Novel approaches for phylogenetic inference from morphological data and total-evidence dating in squamate reptiles (lizards, snakes, and amphisbaenians)

Here, I combine previously underutilized models and priors to perform more biologically-realistic phylogenetic inference from morphological data, with an example from squamate reptiles. When coding morphological characters, it is often possible to denote ordered states with explicit reference to observed or hypothetical ancestral conditions. Using this logic, we can integrate across character-state labels and estimate meaningful rates of forward and backwards transitions from plesiomorphy to apomorphy. I refer to this approach as MkA, for 'asymmetric.' The MkA model incorporates the biological reality of limited reversal for many phylogenetically informative characters, and significantly increases likelihoods in the empirical datasets. Despite this, the phylogeny of Squamata remains contentious. Total-evidence analyses using combined morphological and molecular data and the MkA approach tend towards recent consensus estimates supporting a nested Iguania. However, support for this topology is not unambiguous across datasets or analyses, and no mechanism has been proposed to explain the widespread incongruence between partitions, or the hidden support for various topologies in those partitions. Furthermore, different morphological datasets produced by different authors contain both different characters and different states for the same or similar characters, resulting in drastically different placements for many important fossil lineages. Effort is needed to standardize ontology for morphology, resolve incongruence, and estimate a robust phylogeny. The MkA approach provides a preliminary avenue for investigating morphological evolution while accounting for temporal evidence and asymmetry in character-state changes.

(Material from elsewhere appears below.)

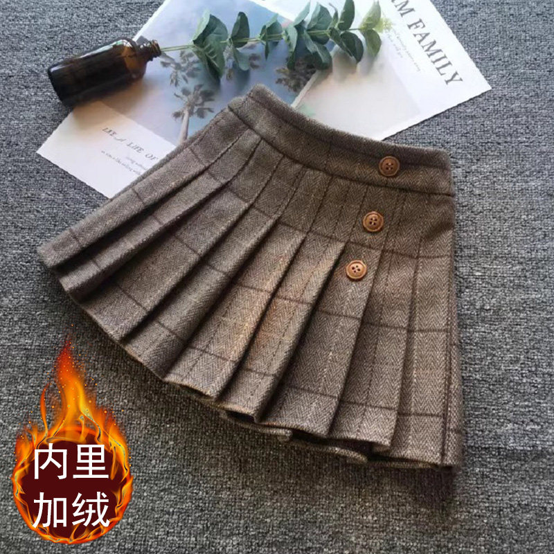 女童毛呢半身裙格子儿童百褶裙春秋装短裙子宝宝JK学院风大童加绒
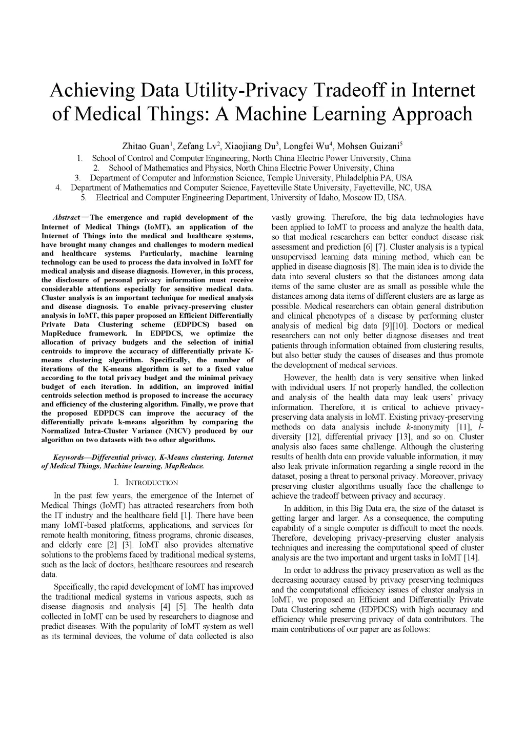 The emergence and rapid development of the Internet of Medical Things (IoMT), an application of the Internet of Things into the medical and healthcare systems, have brought many changes and challenges to modern medical and healthcare systems. Particularly, machine learning technology can be used to process the data involved in IoMT for medical analysis and disease diagnosis. However, in this process, the disclosure of personal privacy information must receive considerable attentions especially for sensitive medical data. Cluster analysis is an important technique for medical analysis and disease diagnosis. To enable privacy-preserving cluster analysis in IoMT, this paper proposed an Efficient Differentially Private Data Clustering scheme (EDPDCS) based on MapReduce framework. In EDPDCS, we optimize the allocation of privacy budgets and the selection of initial centroids to improve the accuracy of differentially private K-means clustering algorithm. Specifically, the number of iterations of the K-means algorithm is set to a fixed value according to the total privacy budget and the minimal privacy budget of each iteration. In addition, an improved initial centroids selection method is proposed to increase the accuracy and efficiency of the clustering algorithm. Finally, we prove that the proposed EDPDCS can improve the accuracy of the differentially private k-means algorithm by comparing the Normalized Intra-Cluster Variance (NICV) produced by our algorithm on two datasets with two other algorithms.

本研究结合此前未被充分利用的模型与先验信息，基于形态学数据开展更贴合生物学真实场景的系统发育推断（phylogenetic inference），并以有鳞目爬行动物（squamate reptiles）为例进行说明。在编码形态学性状（morphological characters）时，通常可通过明确参照观测所得或假想的祖先状态，对有序性状状态进行标注。基于该逻辑，我们可整合不同性状状态标签，并估算从祖征（plesiomorphy）到衍征（apomorphy）的正向与逆向转换有效速率。本研究将该方法命名为MkA，即‘非对称（asymmetric）’模型。MkA模型贴合多数具备系统发育信息价值的性状存在有限逆转这一生物学真实情况，且可显著提升经验数据集的似然值。尽管如此，有鳞目（Squamata）的系统发育关系仍存在较大争议。结合形态学与分子数据并采用MkA方法的总证据分析，逐渐趋近于近期的共识性估计，即支持鬣蜥亚目（Iguania）为嵌套类群。不过，不同数据集或分析中对该拓扑结构的支持度并不明确，目前尚无相关机制可解释分区间普遍存在的拓扑冲突，亦无法阐明这些分区内对不同拓扑结构的隐性支持。此外，不同研究者构建的形态学数据集，不仅所包含的性状存在差异，同一或相似性状的状态定义也各不相同，这导致诸多重要化石支系的系统发育位置出现显著分歧。当前亟需推进形态学本体论的标准化工作，以解决拓扑冲突问题并构建可靠的系统发育关系。MkA方法为形态演化研究提供了初步路径，可同时兼顾时间证据与性状状态转换的非对称性。